Trump Summons Defense Contractors to White House Over Dwindling Weapons Stockpiles

President Trump has summoned the chief executives of America’s largest defense companies to the White House for a Wednesday meeting focused on rebuilding the nation’s depleted munitions stockpiles, according to The Wall Street Journal and The Hill.

The gathering includes senior Pentagon officials and is expected to be contentious. It was originally scheduled earlier this month but was postponed while administration officials managed negotiations to end the Iran war.

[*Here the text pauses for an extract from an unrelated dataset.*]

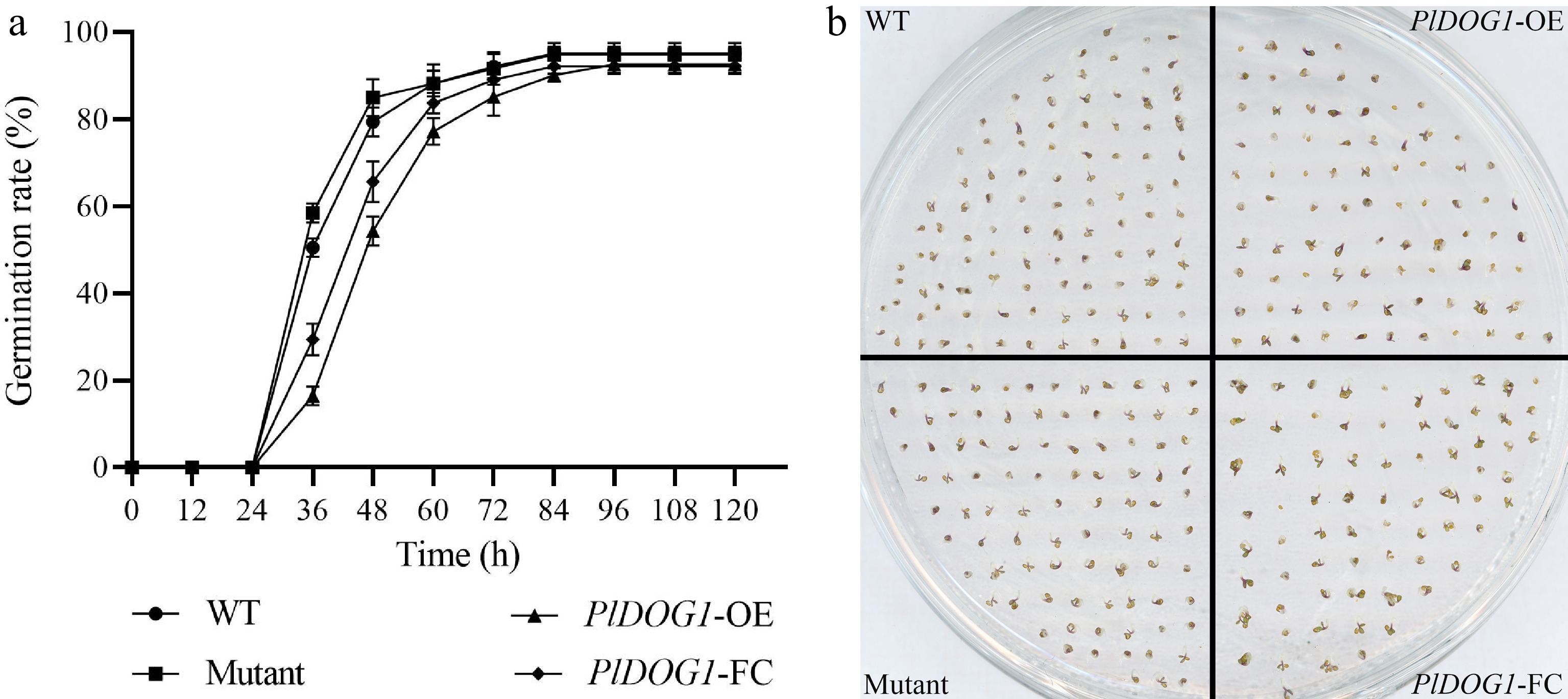 Germination analysis of wild type, PlDOG1 overexpression, PlDOG1 complement expression and PlDOG1 function deficient Arabidopsis seeds. (a) Germination rates statistical analysis of different A. thaliana seeds. (b) Germination phenotype at 60 h. WT, wild type; PlDOG1-OE, transgenic overexpression seeds; PlDOG1-FC, mutant plants with functional complementation expression; Mutant, DOG1 deficient mutant seeds. Three independent biological replicates were prepared. Data differences were analyzed for significance using one-way analysis of variance (ANOVA) followed by Duncan's test.

Trump addressed the meeting from the Oval Office on Monday, confirming the planned session and announcing that automakers would play a role in weapons manufacturing. “We’re building plants all over the country,” Trump said. “Some of the car companies, if they have any excess capacity, they’re making a deal to build missiles and the Patriot in particular.”

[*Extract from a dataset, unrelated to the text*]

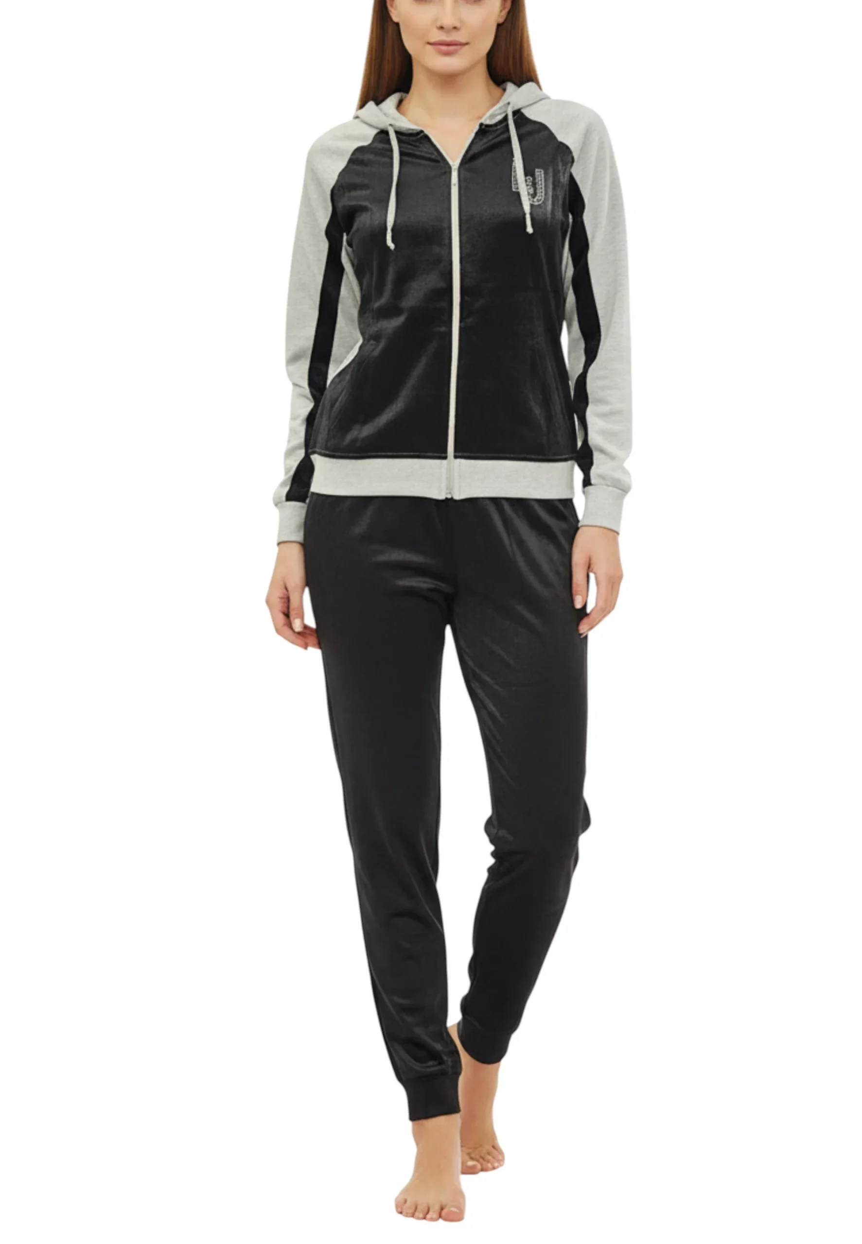 Elegante tuta con cappuccio con combinazioni di tessuti felpa e viscosa grigio e nero.

Lockheed Martin is already in talks with General Motors to supply parts that could boost munitions output, according to The Wall Street Journal. Ford is also part of the administration’s effort to convert civilian industrial capacity to defense production.

The push comes as U.S. stockpiles of advanced interceptors remain critically low. Defense analysts warn that Patriot interceptors and Tomahawk cruise missiles were in short supply before the Iran conflict began, and battlefield use has drawn them down further. Trump has insisted publicly that stockpiles are adequate, but the meeting signals administration concern about long-term readiness.

On June 11, Trump invoked the Defense Production Act to accelerate weapons manufacturing. In a memo to Defense Secretary Pete Hegseth, Trump wrote that systemic constraints in the munitions industrial base, “including limited production capacity, fragile supply chains, long-lead dependencies, and related production bottlenecks,” may impair the military’s ability to meet national defense requirements.

The Pentagon is expected to submit a supplemental funding request of roughly $80 billion to cover the cost of the Iran war, a figure more than double what Hegseth and Pentagon Comptroller Jay Hurst testified before Congress earlier this year.

The Pentagon has separately requested nearly $53 billion to increase production of 12 critical munitions systems, including Patriot and THAAD interceptors. A significant portion of that funding is tied to the reconciliation package currently moving through Congress.

Hegseth is scheduled to brief House Republicans on Wednesday at the Republican Study Committee’s weekly lunch. In a New York Post op-ed published Tuesday, Hegseth argued that “the single greatest threat to America’s national security today is under-investment in military spending.”

Trump’s last major meeting with defense contractors came on March 6, when he declared executives from BAE Systems, Boeing, Honeywell, L3Harris, Lockheed Martin, Northrop Grumman, and Raytheon had agreed to quadruple production of advanced weaponry.